Word for word, restate the lines of the data below between those holding "夏天,陆地热的快,地面空气受" and "Step into the", inclusive; pictures do not belong in the copy.

*** INPUT DATA Section Begins ***

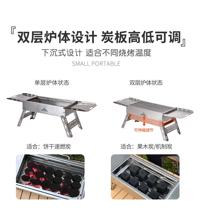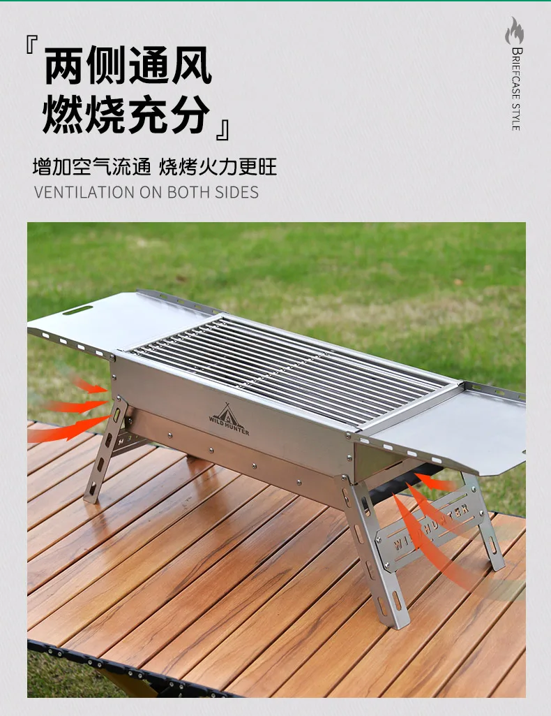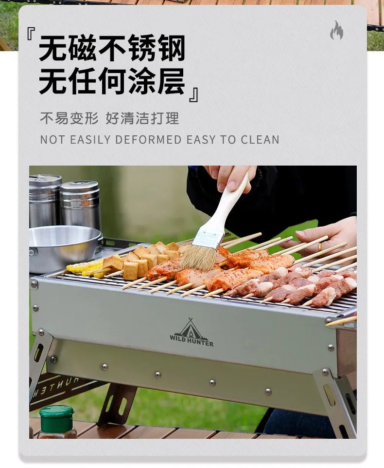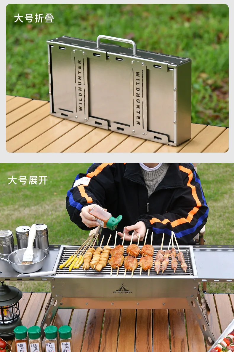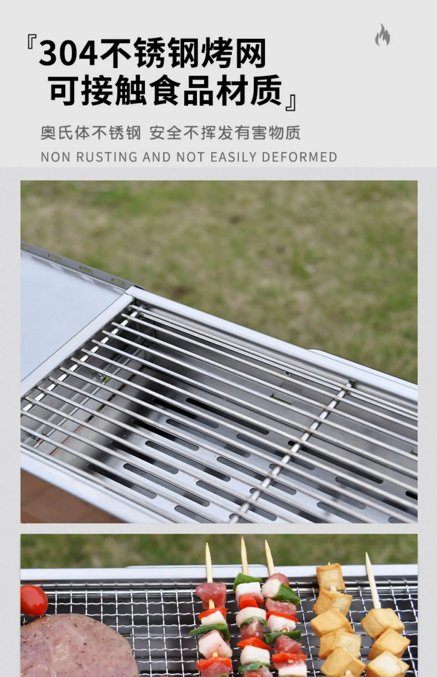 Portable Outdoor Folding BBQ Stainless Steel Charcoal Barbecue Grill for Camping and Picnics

*** INPUT DATA Section Ends ***
*** INPUT DATA Section Begins ***

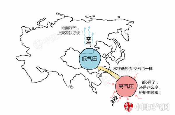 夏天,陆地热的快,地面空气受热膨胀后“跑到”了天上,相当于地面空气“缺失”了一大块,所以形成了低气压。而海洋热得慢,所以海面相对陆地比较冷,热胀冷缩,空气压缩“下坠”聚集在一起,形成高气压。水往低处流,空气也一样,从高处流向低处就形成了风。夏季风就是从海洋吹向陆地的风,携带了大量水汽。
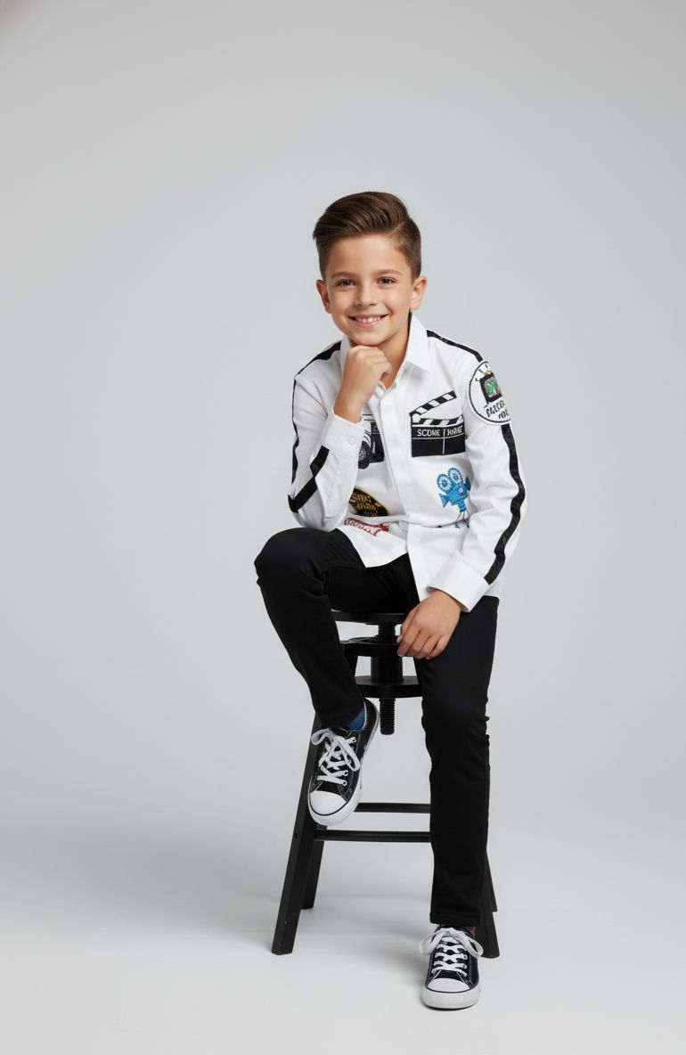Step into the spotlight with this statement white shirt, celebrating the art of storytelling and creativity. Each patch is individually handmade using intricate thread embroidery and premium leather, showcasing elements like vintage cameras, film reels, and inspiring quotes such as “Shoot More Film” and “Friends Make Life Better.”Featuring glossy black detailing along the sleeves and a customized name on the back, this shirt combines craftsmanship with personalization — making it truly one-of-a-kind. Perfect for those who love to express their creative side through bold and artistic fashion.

*** INPUT DATA Section Ends ***

ANSWER BOX =>
 夏天,陆地热的快,地面空气受热膨胀后“跑到”了天上,相当于地面空气“缺失”了一大块,所以形成了低气压。而海洋热得慢,所以海面相对陆地比较冷,热胀冷缩,空气压缩“下坠”聚集在一起,形成高气压。水往低处流,空气也一样,从高处流向低处就形成了风。夏季风就是从海洋吹向陆地的风,携带了大量水汽。
Step into the spotlight with this statement white shirt, celebrating the art of storytelling and creativity. Each patch is individually handmade using intricate thread embroidery and premium leather, showcasing elements like vintage cameras, film reels, and inspiring quotes such as “Shoot More Film” and “Friends Make Life Better.”Featuring glossy black detailing along the sleeves and a customized name on the back, this shirt combines craftsmanship with personalization — making it truly one-of-a-kind. Perfect for those who love to express their creative side through bold and artistic fashion.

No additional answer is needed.